### Provided data

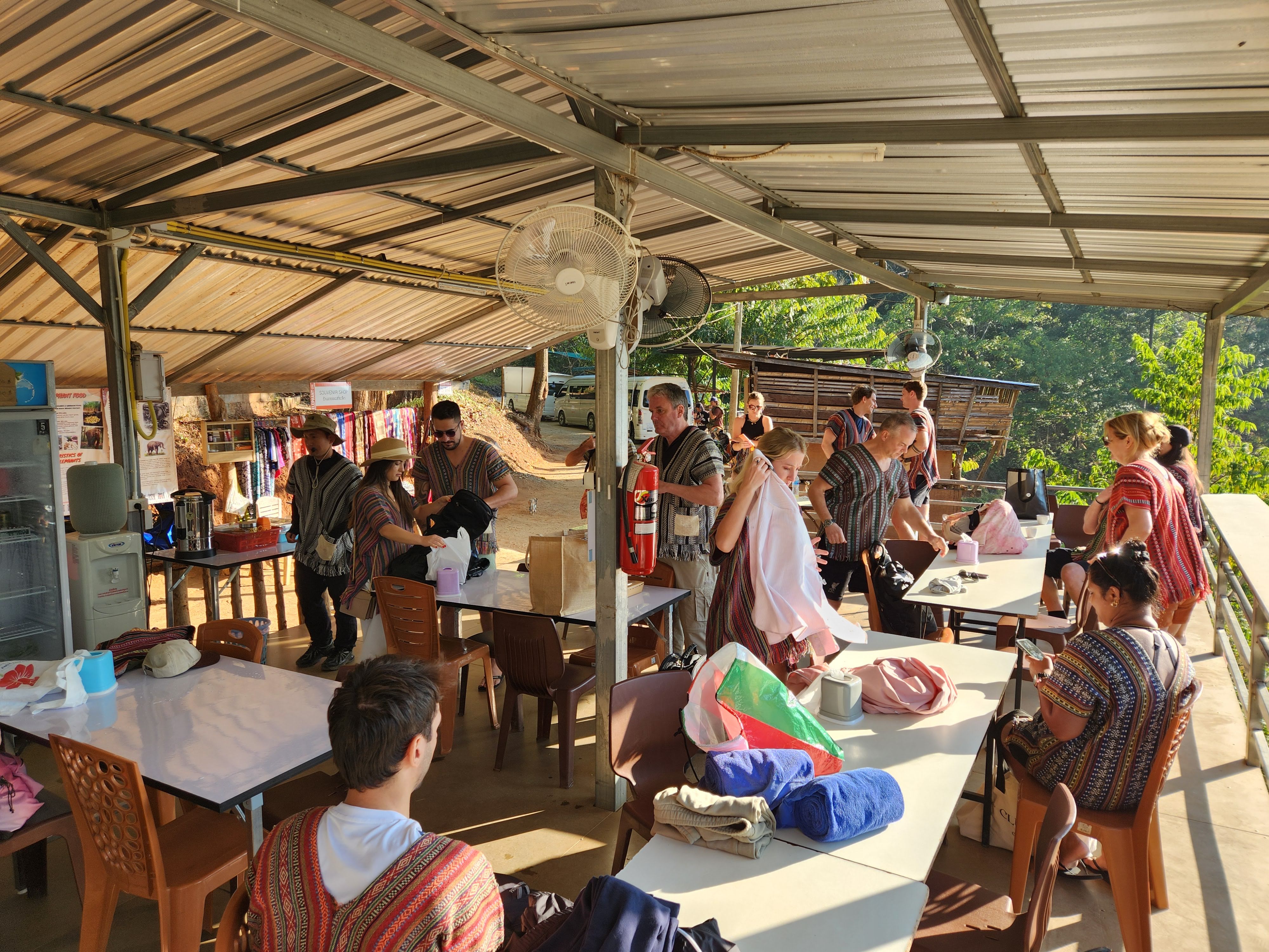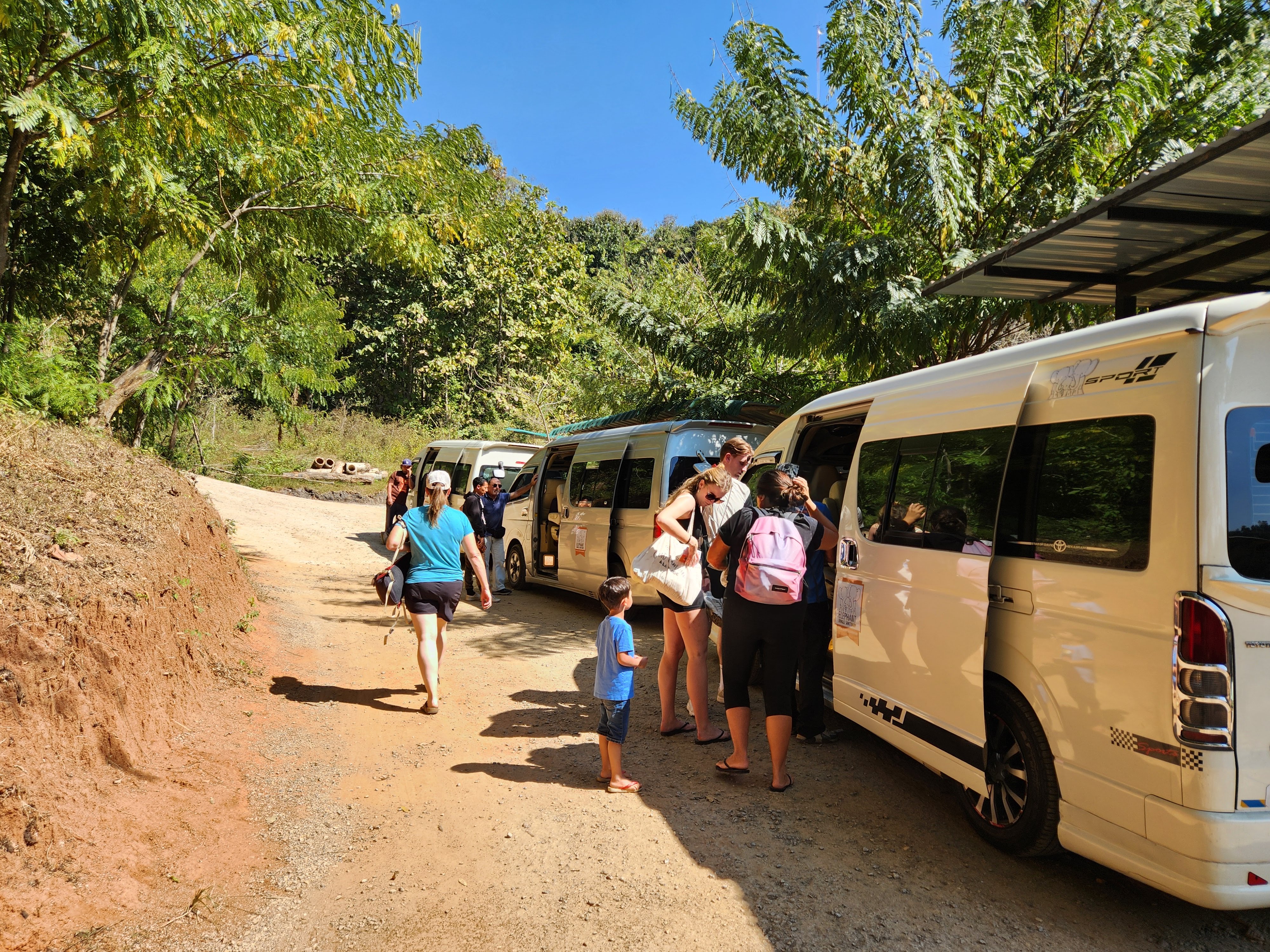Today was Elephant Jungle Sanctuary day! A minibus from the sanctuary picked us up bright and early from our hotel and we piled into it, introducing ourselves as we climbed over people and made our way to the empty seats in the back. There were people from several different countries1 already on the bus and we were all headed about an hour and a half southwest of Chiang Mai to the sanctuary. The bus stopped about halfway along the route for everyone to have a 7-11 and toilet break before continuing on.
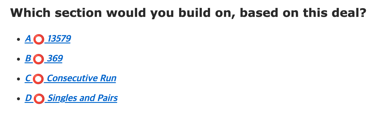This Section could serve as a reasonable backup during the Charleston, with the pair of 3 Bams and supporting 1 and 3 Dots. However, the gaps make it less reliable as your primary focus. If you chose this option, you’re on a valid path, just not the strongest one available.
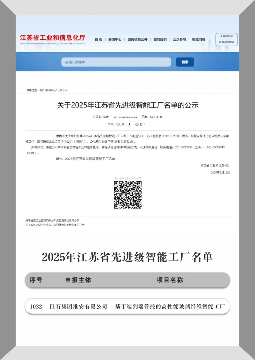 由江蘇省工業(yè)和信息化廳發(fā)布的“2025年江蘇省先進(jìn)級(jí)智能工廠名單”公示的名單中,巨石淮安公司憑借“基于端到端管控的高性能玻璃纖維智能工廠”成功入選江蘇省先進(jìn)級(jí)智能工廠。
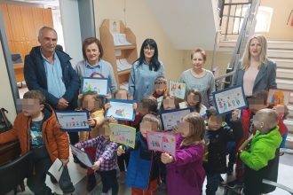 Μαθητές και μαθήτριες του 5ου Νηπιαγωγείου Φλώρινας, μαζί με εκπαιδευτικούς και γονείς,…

---

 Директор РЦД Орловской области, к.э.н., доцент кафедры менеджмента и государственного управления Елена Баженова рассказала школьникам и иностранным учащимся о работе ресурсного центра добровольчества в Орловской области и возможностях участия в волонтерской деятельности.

---

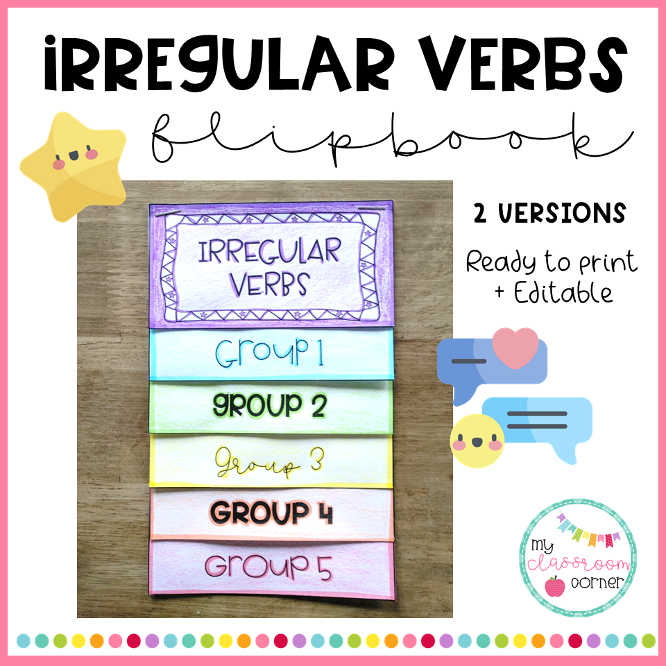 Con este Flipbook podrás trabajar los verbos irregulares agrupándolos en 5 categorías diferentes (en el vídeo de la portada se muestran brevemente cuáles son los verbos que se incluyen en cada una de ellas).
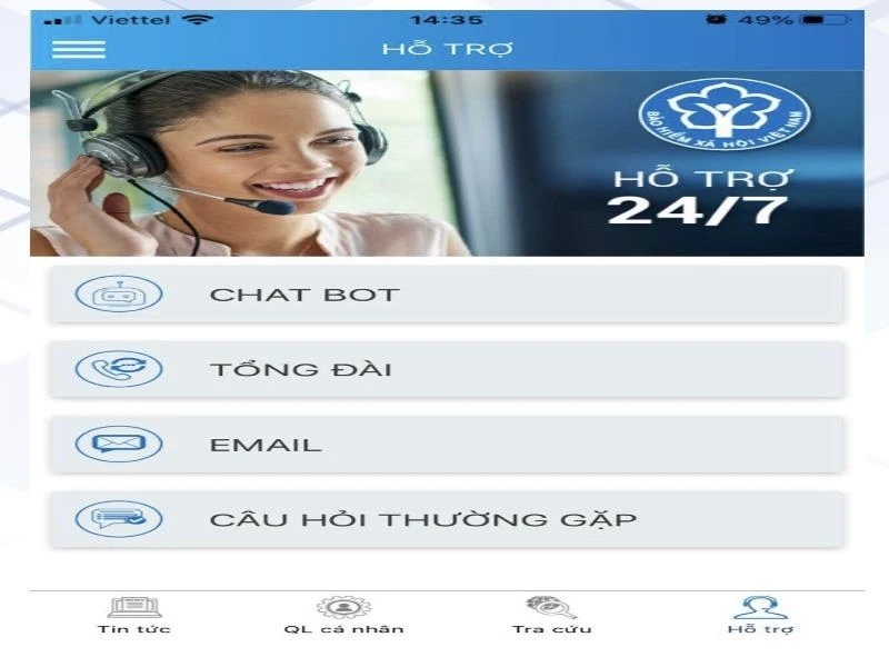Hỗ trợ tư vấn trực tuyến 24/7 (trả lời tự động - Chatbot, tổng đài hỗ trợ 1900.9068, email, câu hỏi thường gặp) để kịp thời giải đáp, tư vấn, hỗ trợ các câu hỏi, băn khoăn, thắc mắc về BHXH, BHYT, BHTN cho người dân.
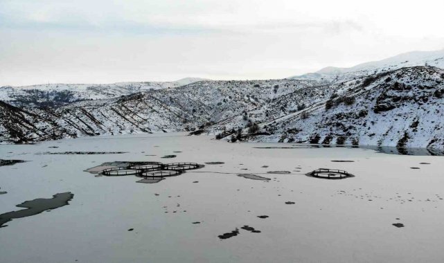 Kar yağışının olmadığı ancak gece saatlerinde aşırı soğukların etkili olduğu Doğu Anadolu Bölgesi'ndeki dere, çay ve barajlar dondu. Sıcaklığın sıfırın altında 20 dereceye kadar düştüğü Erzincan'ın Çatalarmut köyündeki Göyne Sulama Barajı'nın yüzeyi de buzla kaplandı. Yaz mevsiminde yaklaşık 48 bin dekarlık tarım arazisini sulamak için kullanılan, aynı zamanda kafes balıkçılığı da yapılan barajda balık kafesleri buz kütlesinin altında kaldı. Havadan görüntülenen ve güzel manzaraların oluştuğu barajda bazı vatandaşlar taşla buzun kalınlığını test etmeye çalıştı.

### Aim of the task
Beginning with the line holding "Today was Elephant" in the material above, restate word for word each line through the line holding "Μαθητές και μαθήτριες", and exclude pictures.

### Solution below
Today was Elephant Jungle Sanctuary day! A minibus from the sanctuary picked us up bright and early from our hotel and we piled into it, introducing ourselves as we climbed over people and made our way to the empty seats in the back. There were people from several different countries1 already on the bus and we were all headed about an hour and a half southwest of Chiang Mai to the sanctuary. The bus stopped about halfway along the route for everyone to have a 7-11 and toilet break before continuing on.
This Section could serve as a reasonable backup during the Charleston, with the pair of 3 Bams and supporting 1 and 3 Dots. However, the gaps make it less reliable as your primary focus. If you chose this option, you’re on a valid path, just not the strongest one available.
 由江蘇省工業(yè)和信息化廳發(fā)布的“2025年江蘇省先進(jìn)級(jí)智能工廠名單”公示的名單中,巨石淮安公司憑借“基于端到端管控的高性能玻璃纖維智能工廠”成功入選江蘇省先進(jìn)級(jí)智能工廠。
 Μαθητές και μαθήτριες του 5ου Νηπιαγωγείου Φλώρινας, μαζί με εκπαιδευτικούς και γονείς,…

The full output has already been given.